Case in point- there have been studies showing that statistically in pro football, there’s some hay to be made by being more aggressive on fourth down instead of almost always punting. Yet the pros nearly ALWAYS punt on fourth down. Why? Because that’s the tribal knowledge. Personnel decisions seem to be made in an equally arbitrary fashion- concentrating on height, weight, speed, etc… and less on intangible stuff like “do they win games?”, “do their teammmates respect them?” and so forth.
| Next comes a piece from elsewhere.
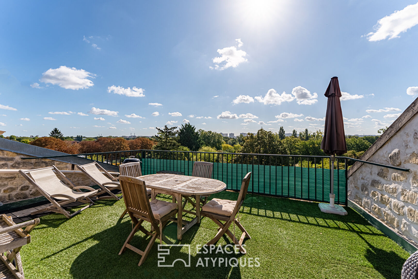 Au coeur historique de Carrières-sur-Seine, cette maison ancienne rénovée avec soin développe 185 m² habitables et 211 m² au sol, implantée sur une parcelle arborée de 2 108 m². Ses volumes généreux et son emplacement privilégié à quelques pas des bords de Seine en font un bien rare. Dès l'entrée, un vaste hall distribue un bureau ou espace de vie, une chambre avec dressing, une salle de bains ainsi qu'une véranda lumineuse ouverte sur le jardin. Le premier étage accueille un séjour chaleureux agrémenté d'un poêle à bois, une cuisine aménagée et équipée ouverte, une buanderie, une salle d'eau et une chambre. Le deuxième étage propose une chambre supplémentaire, un espace bureau ou chambre d'amis donnant accès à une terrasse avec vue panoramique, ainsi qu'une salle d'eau avec WC. Les combles ont été aménagés pour offrir un espace de rangement ou de loisirs complémentaire. Le bien dispose également de quatre caves , idéales pour le stockage. Les extérieurs dévoilent un vaste jardin verdoyant, propice à la détente et aux moments en famille. Un abri de jardin, un portail motorisé et un stationnement privatif pouvant accueillir plusieurs véhicules, équipé d'une borne de recharge électrique, complètent cet ensemble. La terrasse surplombant les bords de Seine et offrant une vue dégagée sur le quartier de La Défense constitue un atout remarquable. La maison bénéficie d'un cadre de vie calme et recherché, à proximité immédiate des écoles, commerces et transports. L'arrêt de bus situé à cinq minutes à pied permet de rejoindre rapidement la gare RER A et SNCF de Houilles / Carrières-sur-Seine, reliant Paris en une dizaine de minutes. Ce bien atypique, alliant le charme de l'ancien à une rénovation contemporaine de qualité, séduit par sa situation rare et son environnement privilégié. DPE : Classe Énergie D/ Classe Climat C. Prix moyens des énergies indexés au 1er janvier 2021 (abonnements compris): entre 1920 euros et 2660 euros. Contact : Oliver 06 34 44 46 09 RSAC n°949 267 140 - Versailles Oliver HECK (EI) Agent Commercial - Numéro RSAC : 949 267 140 - Versailles.

So I think this is the same thing in part- a combination of the tribal knowledge of “3rd and 2 - run the ball” combined with a lame attempt to confound that tribal knowledge by doing the opposite and trying to pass in the middle/short range of the field, when that’s a lot less helpful than just running the ball- at least that way, you have a pretty good chance of getting at least a yard, which sets you up for 4th and 1… oh wait, they CAN’T run again on 4th and 1. Oops.
There’s no coaching schools to go to, certifications, or anything along those lines that companies valued at many billions of dollars would use to evaluate their chief operating officer candidates. Most places on that scale would require an MBA from a good school, as well as good performance. But there is nothing similar in the sports world, particularly football. There aren’t researchers writing papers on how to coach, or how to pick players. There aren’t coaching students learning this and writing articles for the journals in the off season.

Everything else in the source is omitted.